Figure 10.2 depicts the temporal orienting task used by Capizzi, Sanabria and Correa (2012) and their results, that is, mean rts from the single-task condition plotted as a function of Cue Validity (valid, invalid) and Foreperiod (short, long). An adapted version of the original experiment can be downloaded from the book’s GitHub repository.

As shown in Figure 10.2C, participants’ rts were shorter for valid trials as compared to invalid trials. This finding indexes the temporal orienting (or validity) effects. These effects are usually restricted to the short foreperiod only, as demonstrated by the interaction between Cue Validity and Foreperiod. Turning to the figure, a rt benefit can be observed for validly early cued targets (early cue-short foreperiod) as compared to ‘premature’ targets that invalidly occur earlier than expected (late cue-short foreperiod). By contrast, at the long foreperiod, temporal orienting effects are smaller (or can even be absent). This is because if the target does not appear at the short foreperiod as predicted by the early cue, it is possible to ‘infer’ that it will appear later, thus enabling attention to be re-oriented to the long foreperiod (invalid ‘delayed’ trials in the figure) (e.g., Correa, Lupiáñez, Milliken, & Tudela, 2004; Coull & Nobre, 1998).

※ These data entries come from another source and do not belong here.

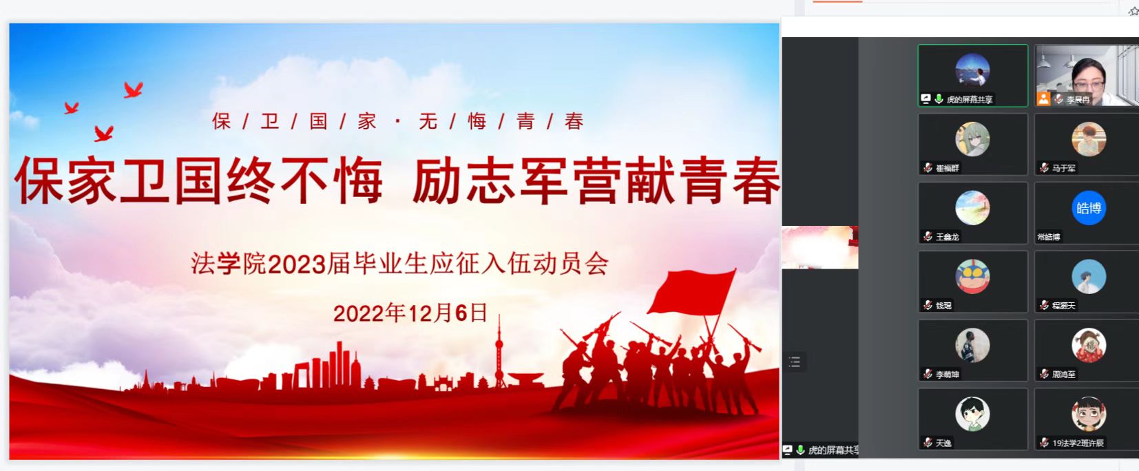 本网讯( 李晨冉/徐欢忠)“保家卫国终不悔,励志军营献青春”。为激发大学生家国情怀,增强学生投身国防意识,鼓励大学生积极应征入伍,提高兵员征集质量,推进国防和军队现代化建设与发展。12月6日下午,36365官网召开2023届毕业班应征入伍动员会。会议由毕业班辅导员李晨冉主持,退伍大学生姚俊虎、刘辰子、张浩玮做汇报,2019级毕业班全体学生参加。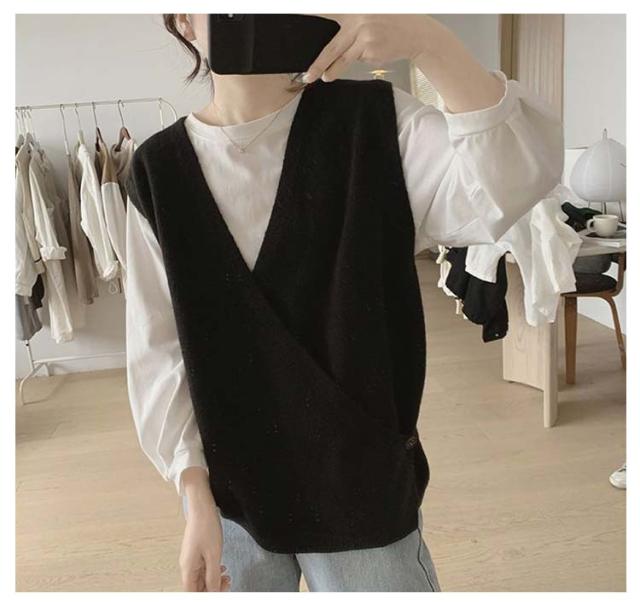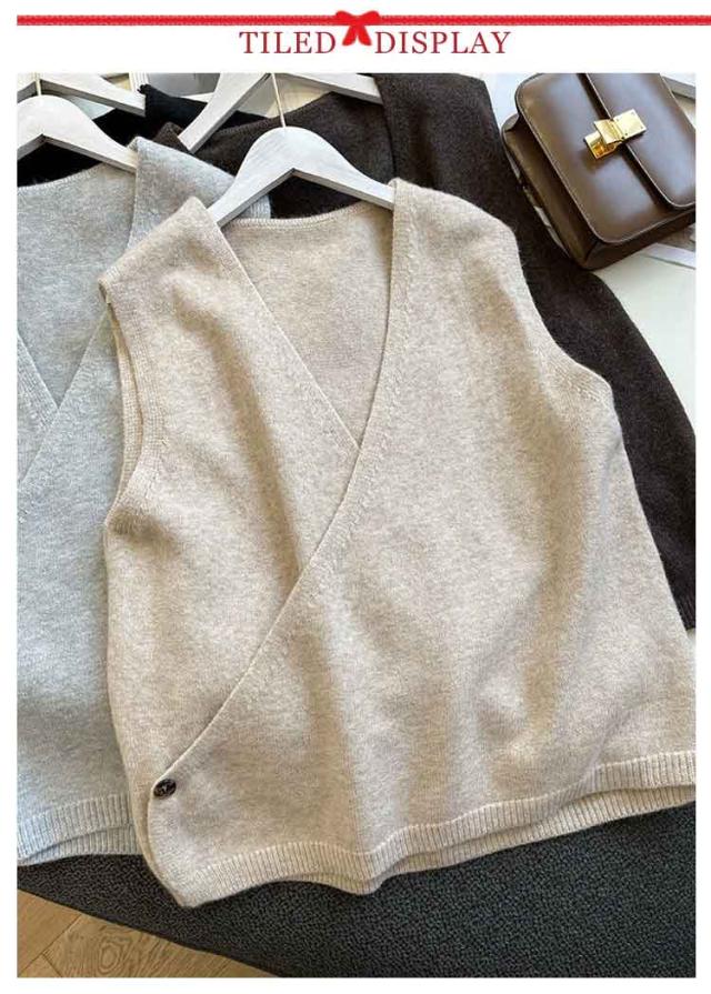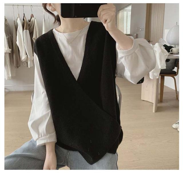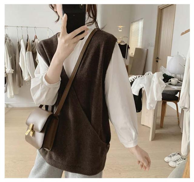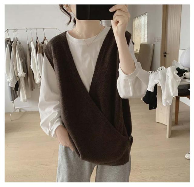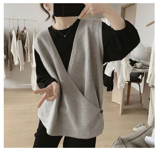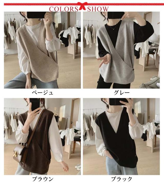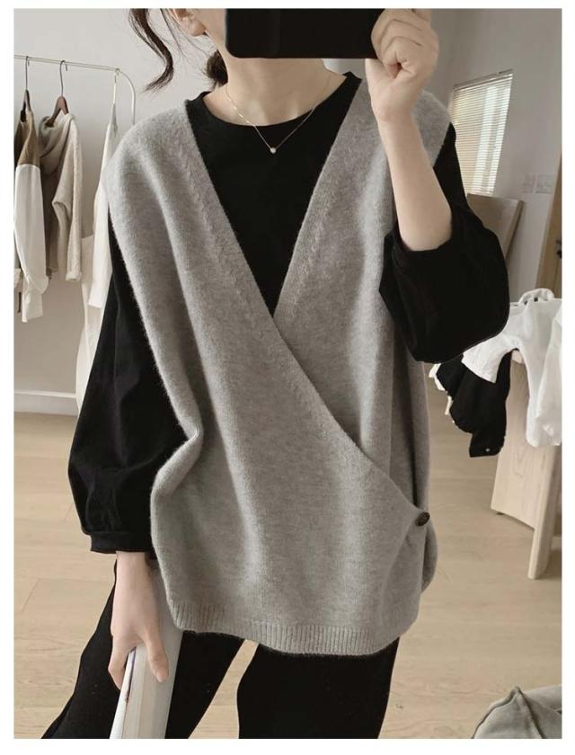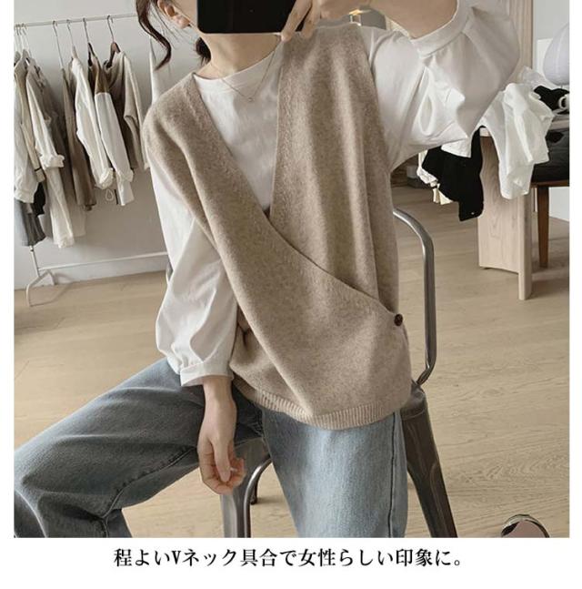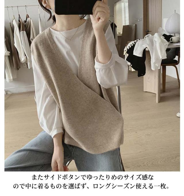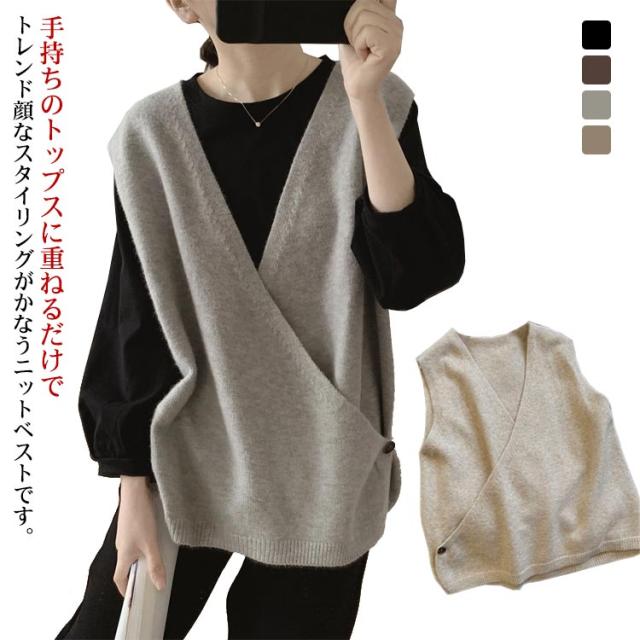 【送料無料】ニットベスト Vネック クロス サイドボタン ベスト レディース ニット プルオーバー ゆったり レイヤード 重ね着 トップス 大人可愛い おしゃれ 20代 30代 40代 50代 薄手 春 秋冬 韓国風 ルーズ カジュアル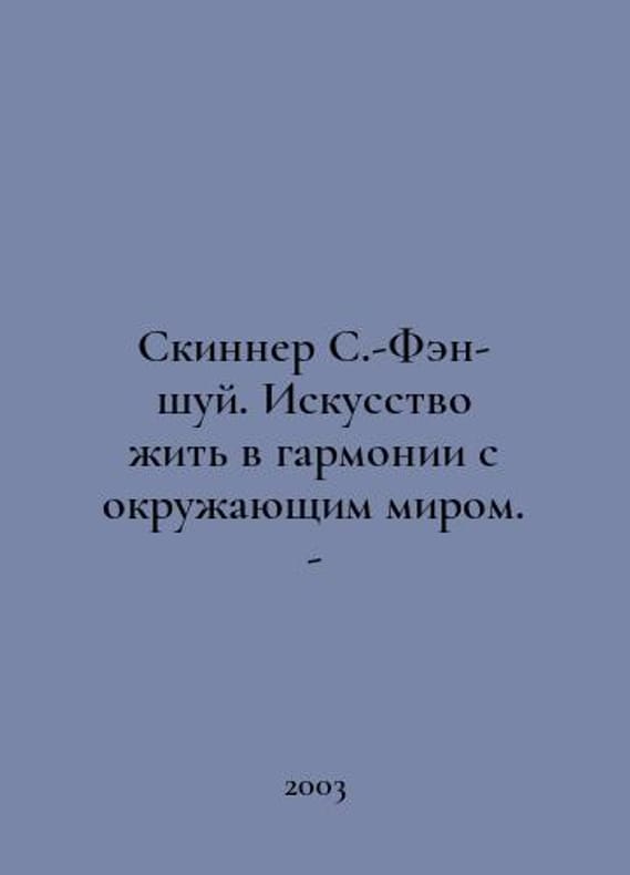 Skinner S.-Feng-shui. The Art of Living in Harmony with the World. In Russian /Skinner S.-Fen-shuy. Iskusstvo zhit v garmonii s okruzhayushchim mirom. - M.: Nyola 21st Century, 2003.You are welcome to reach out to us for a detailed description of the copies currently available. SKUalb3381721a1e51ac6c.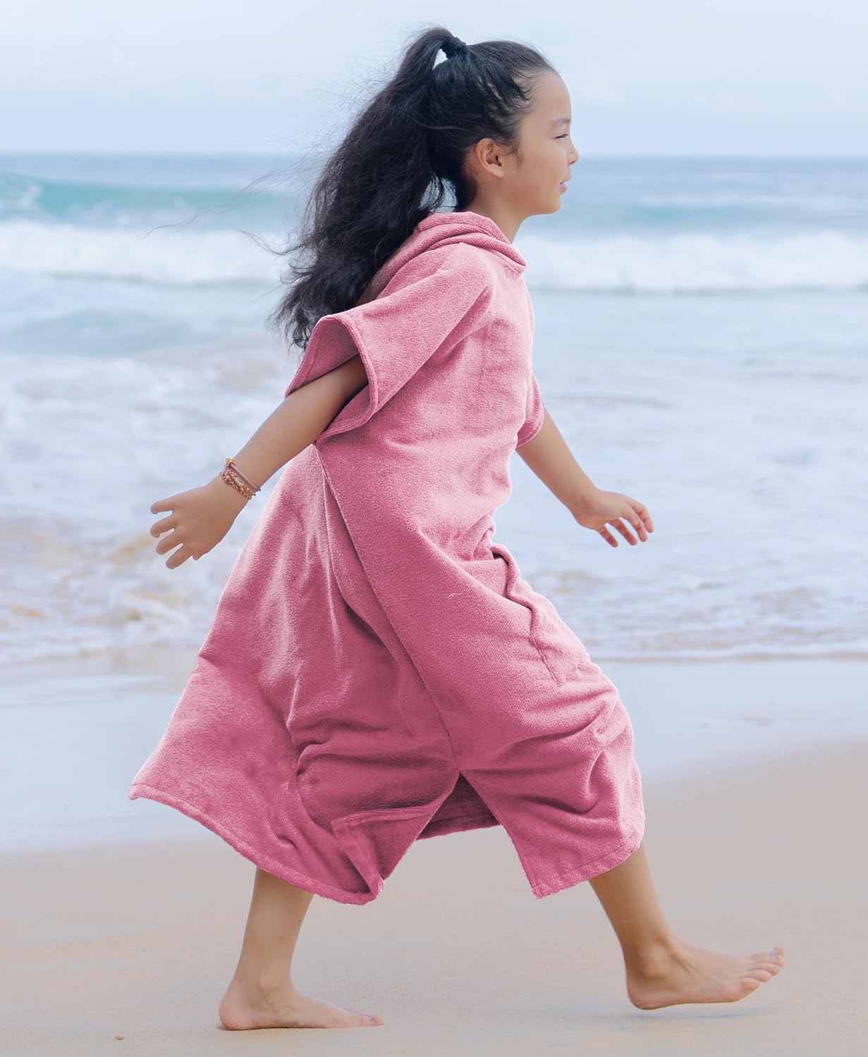 Wir haben Schlitze an den Seiten des Handtuchmantels, damit Kinder sich ohne einengende Beine bewegen können.

In the remainder of the section, we list some practical issues that should be considered when designing a temporal orienting task. One issue concerns the cue validity rate. Most studies use cue validity rates of 75 or 80%. However, it is also possible to use a 100% valid cue condition and to compare it with a neutral one in which the cue does not provide any temporal information on target onset. That is, in the neutral condition the cue simply acts as a warning signal and the target can appear after the short or long foreperiod with the same frequency (50%). Use of valid-only trials encourages participants to confidently rely on the cue information. This manipulation has been adopted in studies investigating the ability to orient attention in time in more vulnerable populations such as children (Mento & Tarantino, 2015; Mento & Vallesi, 2016) and older adults (Zanto et al., 2011).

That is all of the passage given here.